O texto a seguir é politicamente neutro. Não envolve nem aprovação e nem critica `a conduta dos judeus ou dos muçulmanos.
Até os quinze anos, achei que nunca ia querer viajar. O Rio era um paraíso, e eu, que me imaginava sedentária, que detestava fazer mala, dormir em quartos diferentes e sair da rotina, achava que ia passar a vida no Rio. A Europa tinha charme pra mim `a distância, por causa da tradição artística, mas para os Estados Unidos eu não estava nem aí. Que se divertissem os viajantes, enquanto eu ficaria na minha e com prazer. Naquela época, Antônio Carlos Jobim era o homem mais charmoso e natural que se podia imaginar e parecia conter a essência do carioca, aquele ideal que em teoria deveria ser encontrado em qualquer um, mas na prática era bem diferente. Jobim mesmo cantou o seu desencanto com o Rio numa canção.
Mas não pensei, pra resumir a estória, que me tornaria uma nômade. Desde que fui aprender inglês em Londres e prosseguir para estudar filosofia em Boston, não parei mais. No começo desse motto perpétuo, não esperava ir a Israel. Mas me casei com um americano que trabalha com uma empresa Israelita, e fui convidada a visitar o país mais de uma vez.
Israel foi onde aprendi a chorar. Não de tristeza ou de alegria, mas de alívio. Lembro quando nosso guia nos avisou ao anoitecer, quando estávamos na parte antiga de Jerusalém, que aquela hora poderia ser perigosa diante da possibilidade de bombas, e eu não senti nenhum medo. Pois a sensação de ter voltado ao princípio e fechado o círculo era uma experiencia de completude. Embora eu não seja israelita, encontrei em Israel a essência original que nem sabia estar procurando. Foi quando aprendi que nossas raízes estão muito mais dentro da gente do que nos lugares de nossa origem.

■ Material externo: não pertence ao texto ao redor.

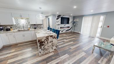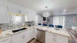 Our Speakeasy unit is the height of decadence, luxury and custom design. Our kitchen includes an upgraded appliance package with a large fridge with ice maker and water dispenser, the aforementioned waterfall island granite that extends to the floor. The backsplash has a 1920s specialized gold inlay pattern tile with custom crafted wood hewn shelving that are the utmost in 1920s opulence. New dishwasher, stove, microwave, modern open hood range for cooking. We have a newly installed in unit laundry that is a large washer-dryer in one. Just put your clothes in and it will wash and then dry using the most modern technology available. Our two bedrooms include a king burlesque-style room authentic to our period theme with a velvet and toulee dressed king canopy bed, fainting couch and gold dresser. Our queen bedroom has a mafia boss vibe with a custom bamboo wood headboard with built in lighting and a more rustic design for our more masculine guests. The Speakeasy is one of our favorite themes in our portfolio with a warm, welcoming comfortable feel no matter where in the unit you are. There are a myriad of delightful touches throughout from the period black and white photos to the apothecary-style mirror in the bathroom to the end table that appears to be an underground tunnel to escape the unit during a prohibition police raid.
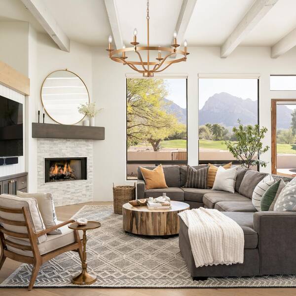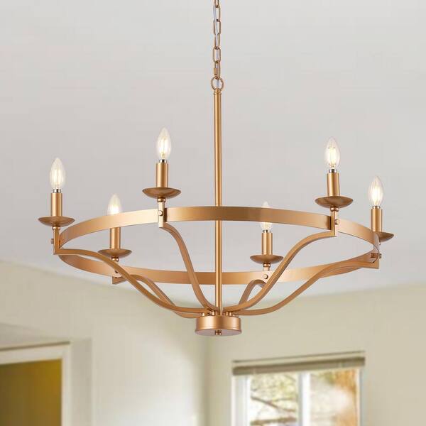 6-Light Spray Gold Dimmable Wagon Wheel Chandelier for Foyer with No Bulbs Included
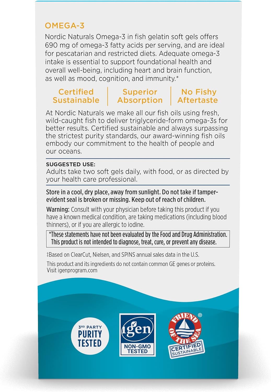 2 >PERFECT FOR THOSE NEW TO FISH OIL - Nordic Naturals Omega-3 provides a generous serving of omega-3s in fish gelatin soft gels, and meets the daily recommended dose suggested by the American Heart Association to support a healthy heart

Tendo sido os judeus os primeiros a adorar um único deus, e sendo este deus um deus que valoriza ou repreende, recompensa ou castiga a maneira como interagem seus fiéis independentemente das ofertas que lhe fazem, ele é desinteressado, é um deus ético. Enquanto as outras divindades da antiguidade não estavam nem aí para a maneira como se comportavam seus fieis e só esperavam que estes lhes fizessem oferendas, Yahweh, começando com os dez mandamentos, representa a magnitude da consciência, quando a divisão entre o bem e o mal nessa consciência é elevada `a dimensão ética, imparcial, e portanto abstrata, amadurecendo a própria dialética da consciência em si- o fato de esta só perceber o não através do sim, o que “é” em relação ao que “não é-“ e de tudo que esta consciência percebe na vida. Por isso, considero a ética a descoberta da verdadeira raiz da consciência, que simplesmente falando concerne a luta do bem e do mal e a sede de uma justiça final que, não podendo ser provada, como nos mostra Kant, dá sentido a nossa vida e aponta para a realidade espiritual de valores que não podemos ver ou tocar, mas que devemos honrar. Com o cristianismo, a consciência passou a abranger o arquétipo do amor entre o Criador e a criatura, união de princípio e fim.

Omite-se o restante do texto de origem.